Instructions to follow: Repeat the lines below exactly as they appear, but leave out the images.

Provided data:
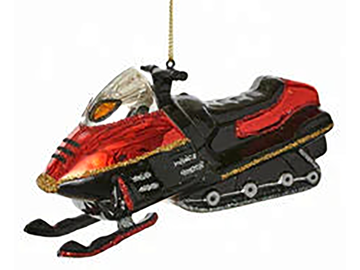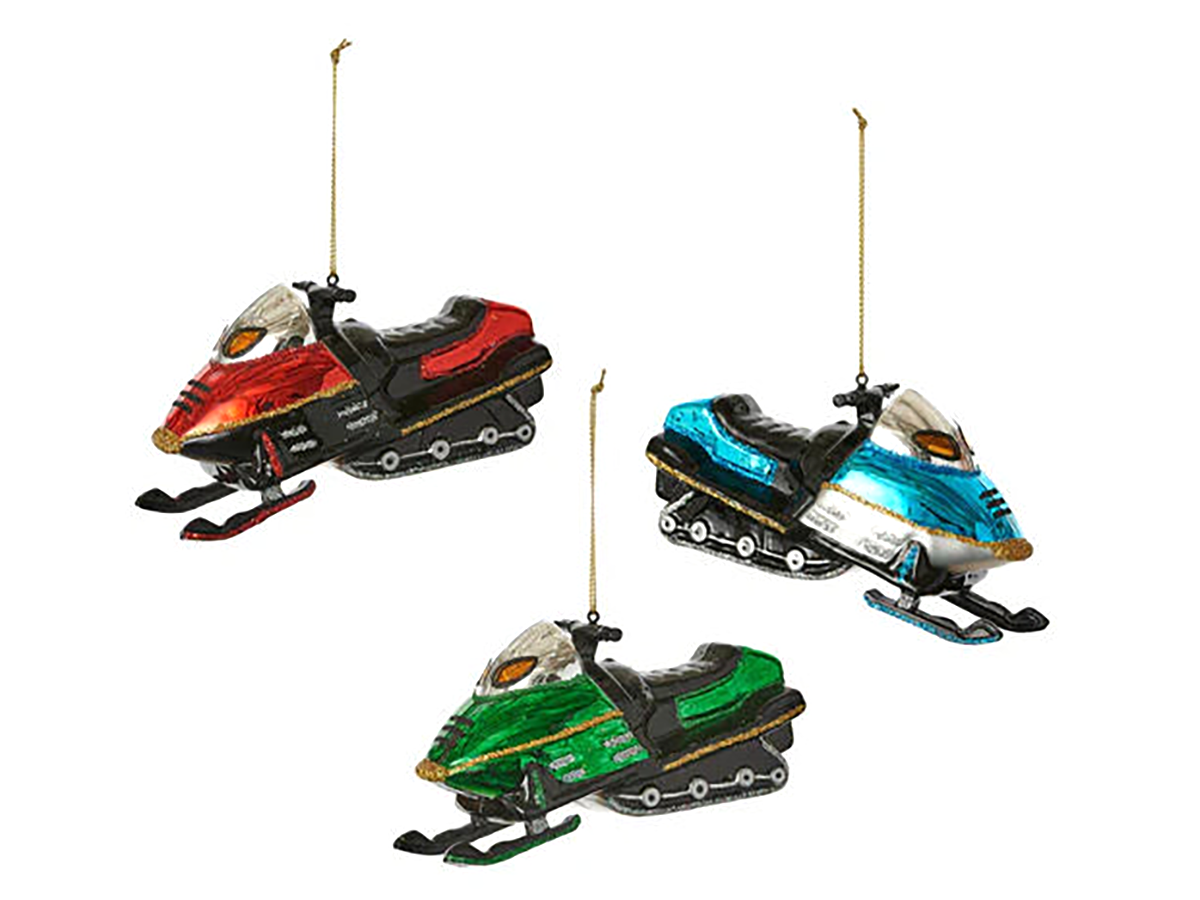 Add a touch of whimsey fun this Holiday season with one of these glass snowmobile ornaments!
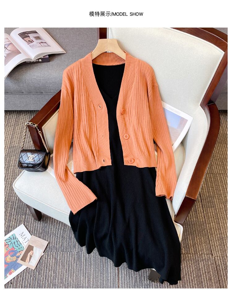 プラスサイズの婦人服 2023 トレンディな女性の春の新しいファットシスター eign スタイルの年齢を減らすオールマッチニットセーターベストスカートツーピーススーツ 大きめサイズ スプリング 春物 8884192855185122
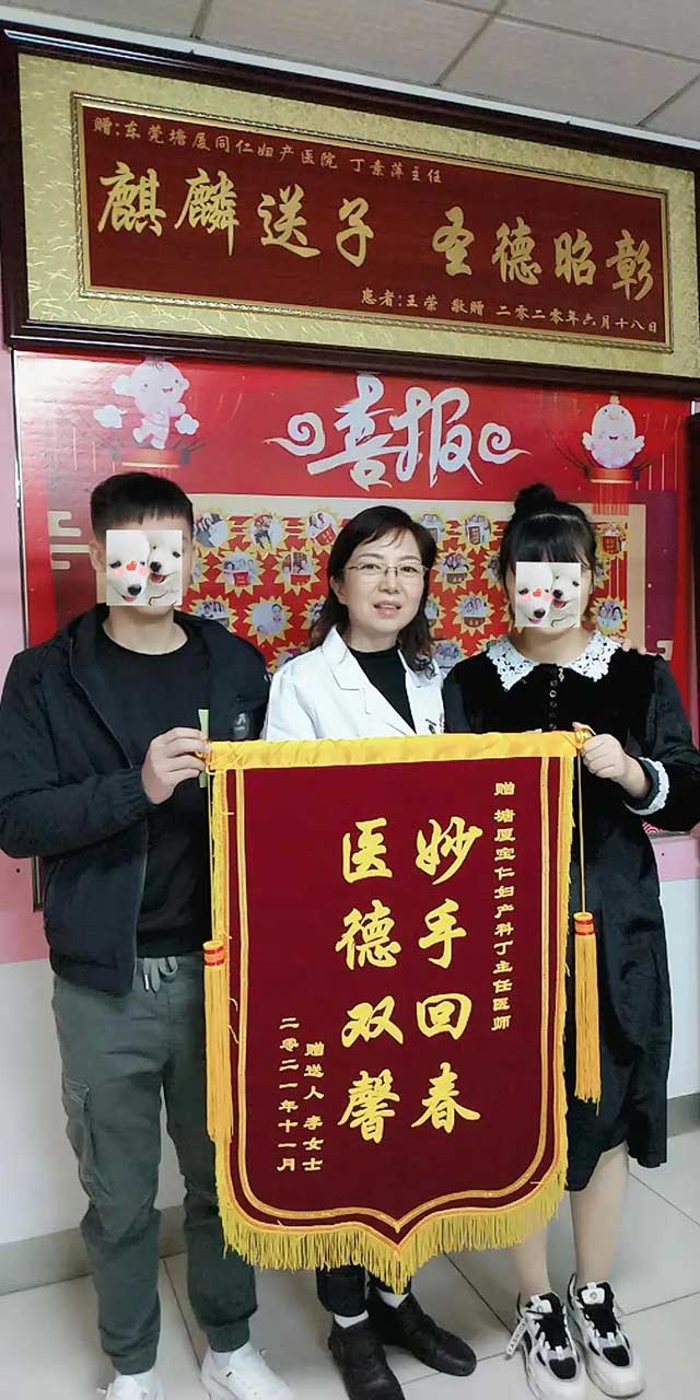 11月底,周女士与李女士为表达感激之情先后为不孕不育科丁素萍主任送来两面锦旗。医治是单向选择,但过程却是相互成就。对患者来说,医生可以竭尽所能为之治愈病痛;对医生来说,患者的选择就是对自己的信赖,对宝仁的信赖,同时每一次的临床经历都将给医生积累成宝贵又丰富的经验。宝宝是医患之间的纽带,那锦旗便是医患培育出的产物,这拉近了她们彼此间的距离。

Task result:
 Add a touch of whimsey fun this Holiday season with one of these glass snowmobile ornaments!
 プラスサイズの婦人服 2023 トレンディな女性の春の新しいファットシスター eign スタイルの年齢を減らすオールマッチニットセーターベストスカートツーピーススーツ 大きめサイズ スプリング 春物 8884192855185122
 11月底,周女士与李女士为表达感激之情先后为不孕不育科丁素萍主任送来两面锦旗。医治是单向选择,但过程却是相互成就。对患者来说,医生可以竭尽所能为之治愈病痛;对医生来说,患者的选择就是对自己的信赖,对宝仁的信赖,同时每一次的临床经历都将给医生积累成宝贵又丰富的经验。宝宝是医患之间的纽带,那锦旗便是医患培育出的产物,这拉近了她们彼此间的距离。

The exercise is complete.